— TASK OBJECTIVE —
Take the line containing "Fine quality sanganeri" and each line after it through the end of the data below, and return them exactly, minus any pictures.

··· PROVIDED ENTRIES

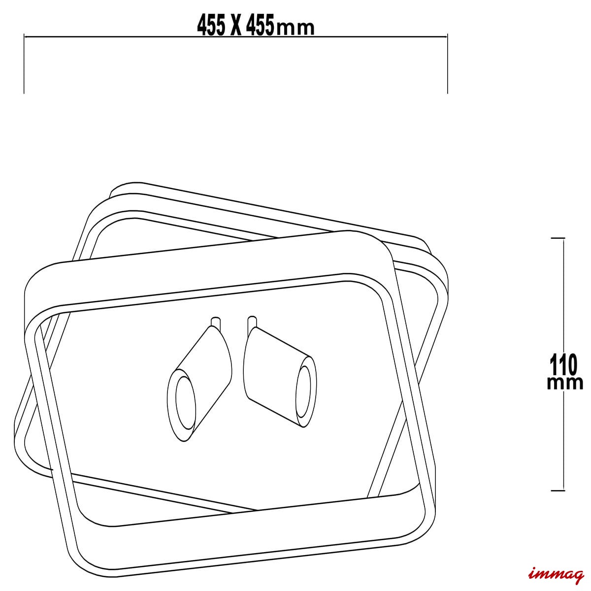 Plafon Parma 2 został wykonany z metalu oraz akrylu. Posiada dwa ruchome reflektorki z wymiennymi obręczami, do wyboru mamy czarne lub złote obręcze (obie wersje znajdują się w zestawie). Regulacja kąta nachylenia reflektorków sprawia, że można ustawić kierunek padania światła dokładnie w wymaganym kierunku, np. na biurko. Plafon posiada miejsce na żarówki o gwincie GU10 oraz wbudowane światło LED o zmiennej barwie światła CCT, co oznacza że można ustawić dowolną barwę światła LED od ciepłej poprzez neutralną, aż po zimną. Barwę światła ustawia się przed montażem w podsufitce lampy.
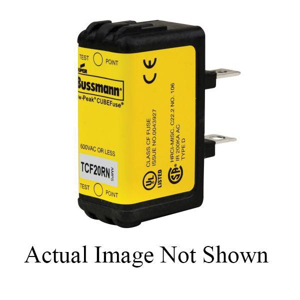 Bussmann Low-Peak™ CUBEFuse™ Time Delay Fuse, Current Limiting Inrush Current Withstand, Series: TCF, 20 A, 600 VAC/300 VDC, 100/300 kA Interrupt, Class: CF, 10 s at 500% Response, Blade Terminal, Chassis/DIN Rail Mount, Square Body Type, Dual Element, Glass Filled Polyethersulfone, 1.88 in L x 0.75 in W x 1 in H Body Size
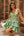 Vestido corto de fiesta con corsé y lazo verde salvia
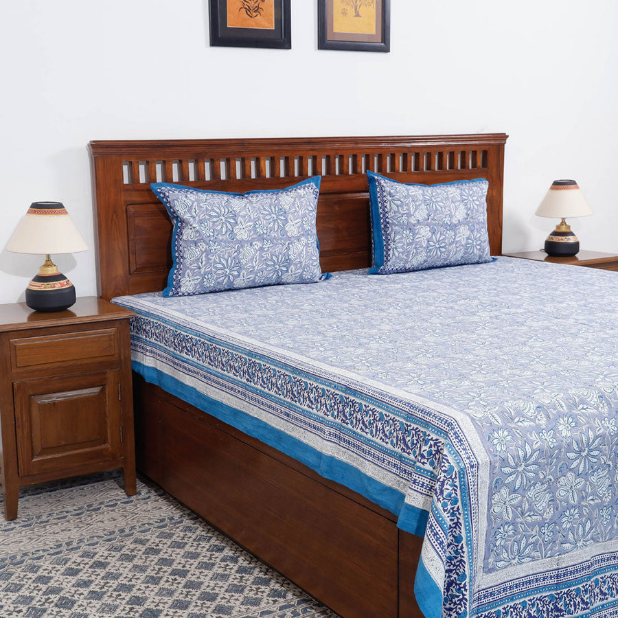 Fine quality sanganeri block printing cotton double bed sheet with pillow covers. Sanganeri is a hand-block printing technique originating from Sanganer, a village in the southern part of Jaipur, Rajasthan. Bleed free VAT dyed used.
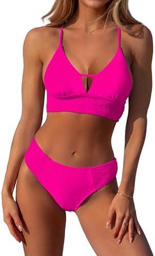 Beachsissi Womens Bikini Set Smocked Deep V Neck Bathing Suit Crisscross Back Self Tie Swimsuits
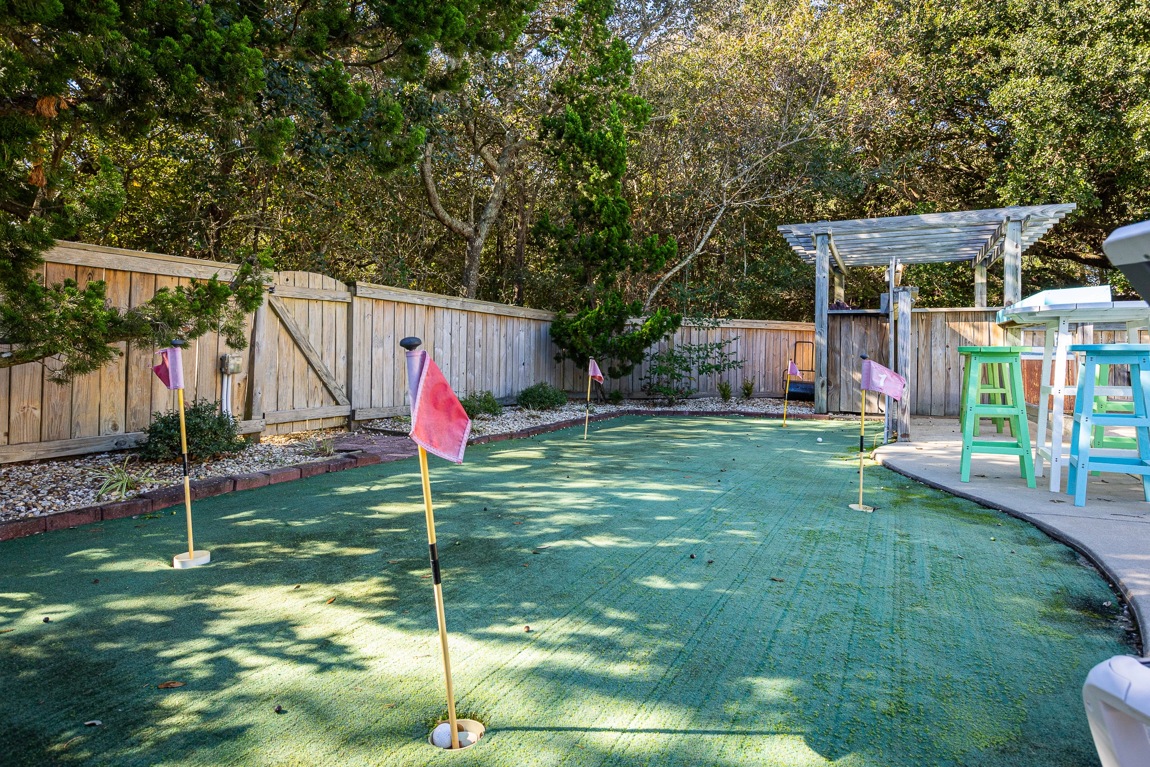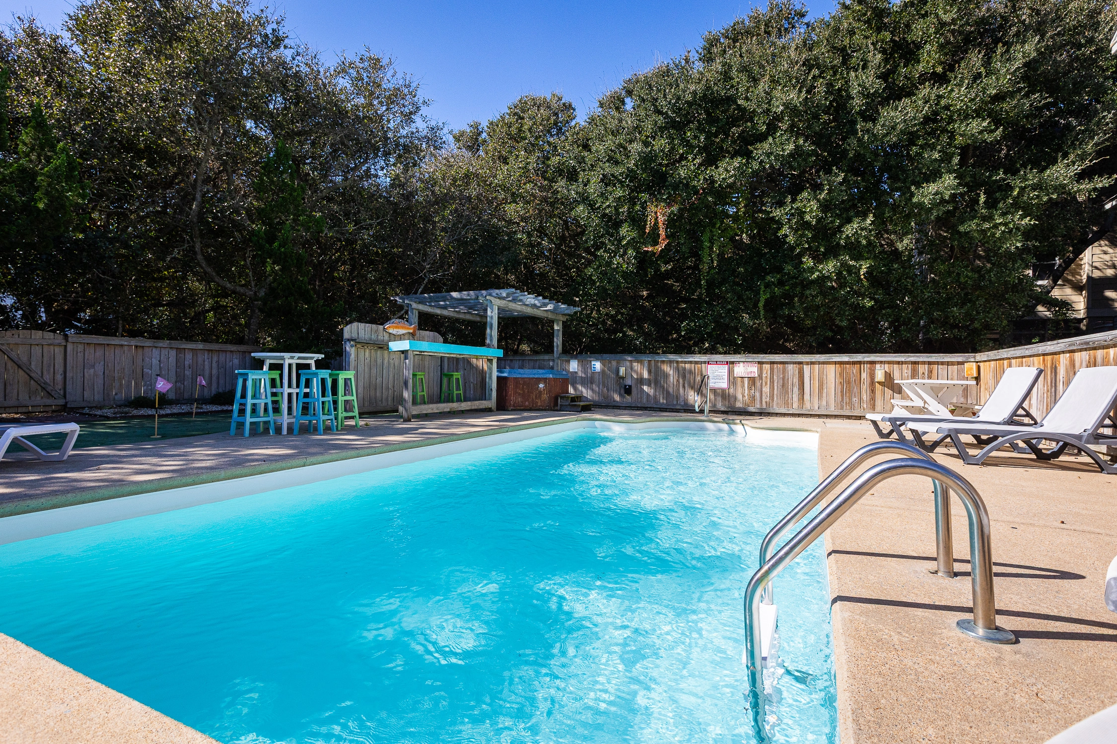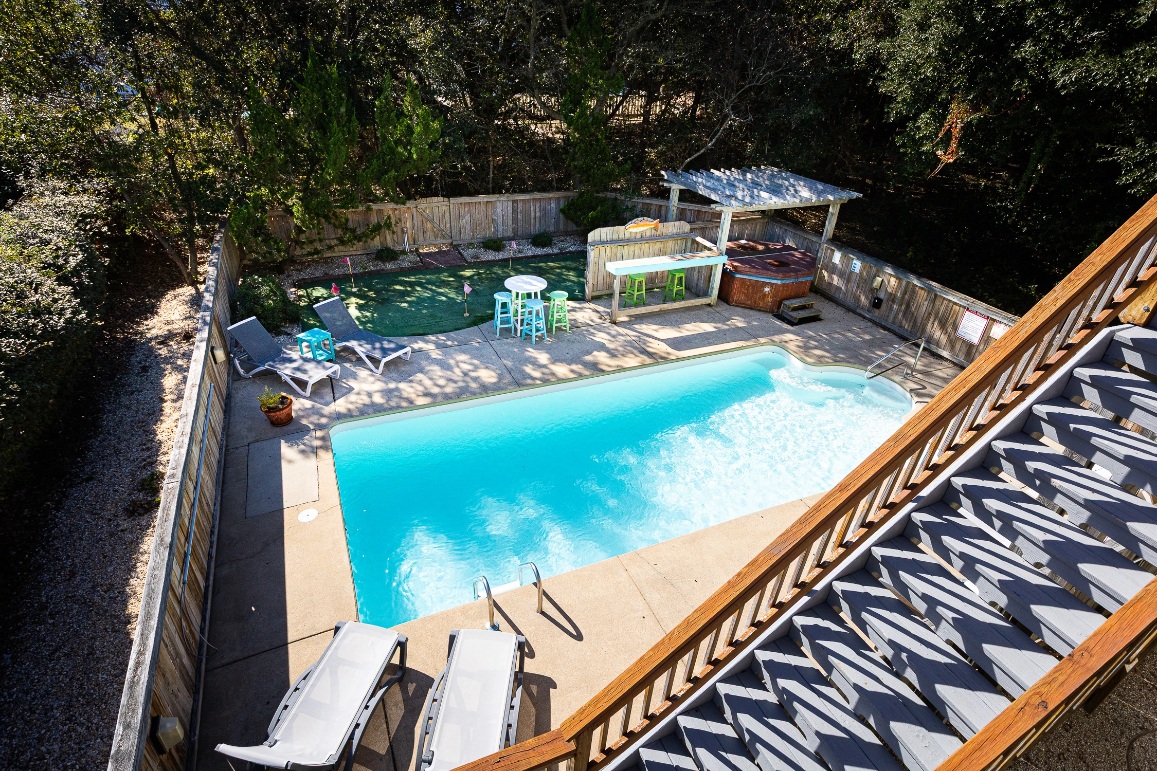 Private pool, hot tub, tiki bar, putting green, charcoal grill.

······

— COMPLETED TASK —
 Fine quality sanganeri block printing cotton double bed sheet with pillow covers. Sanganeri is a hand-block printing technique originating from Sanganer, a village in the southern part of Jaipur, Rajasthan. Bleed free VAT dyed used.
 Beachsissi Womens Bikini Set Smocked Deep V Neck Bathing Suit Crisscross Back Self Tie Swimsuits
 Private pool, hot tub, tiki bar, putting green, charcoal grill.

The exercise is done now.